Mis abuelos maternos eran profesores; él nació en Mérida, y ella, en Guadalajara. A mi abuelo le encantaban las bromas y era medio machista, así que siempre, molestaba a mi abuela con aquello de que Guadalajara era una ciudad «llena de maricones» —que es la fama que, dicho sea sin agravio de los jaliscienses, adornaba la perla tapatía.
Pero resulta que un día mi abuela conoció en el trabajo a un profesor originario de Yucatán que era homosexual y amaneradísimo. Entonces, ella pensó que ésa era la oportunidad que esperaba para vengarse de mi abuelo.
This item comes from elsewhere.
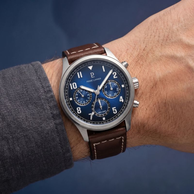 Son boîtier généreux de 42,5 mm en acier inoxydable argenté alterne les finitions mates et brillantes, conférant une présence masculine et technique au poignet. Le cadran bleu profond au fini soleillé fumé est structuré par une minuterie "chemin de fer" et accueille trois compteurs pratiques : le jour de la semaine, la date et un affichage 24 heures. Les index embossés et les aiguilles argentées assurent une lisibilité optimale, typique des instruments de bord d'aviation.
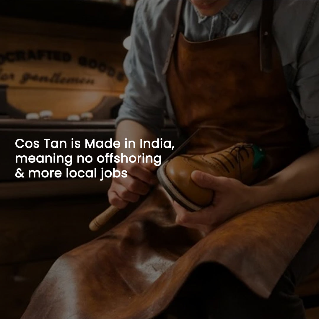 India’s footwear and allied industries employ over 2 million people, many of them artisans whose craft has been passed down for generations. By choosing to manufacture locally, Cos Tan helps sustain livelihoods, preserve artisanal skill, and support fair wages within India’s growing sustainable fashion economy.

Para ello, organizó una reunión en su casa para que ellos se conocieran y, dentro de la plática —en la que el profesor hacía gala de los más afeminados quiebres y nohínes, quiso poner en evidencia su origen preguntándole:
—Profesor, ¿verdad que usted nació en Mérida?
Y él le contestó:
—¡Ay, sí, profesora! Nací en Mérida, pero desde muy chiquito nos fuimos a vivir a Guadalajara y toda mi educación la recibí allí.
Mi abuelo estalló en carcajadas y le dijo a mi abuela:
—¿Ya ves? ¡En mi tierra nacen hombrecitos y en la tuya los echan a perder!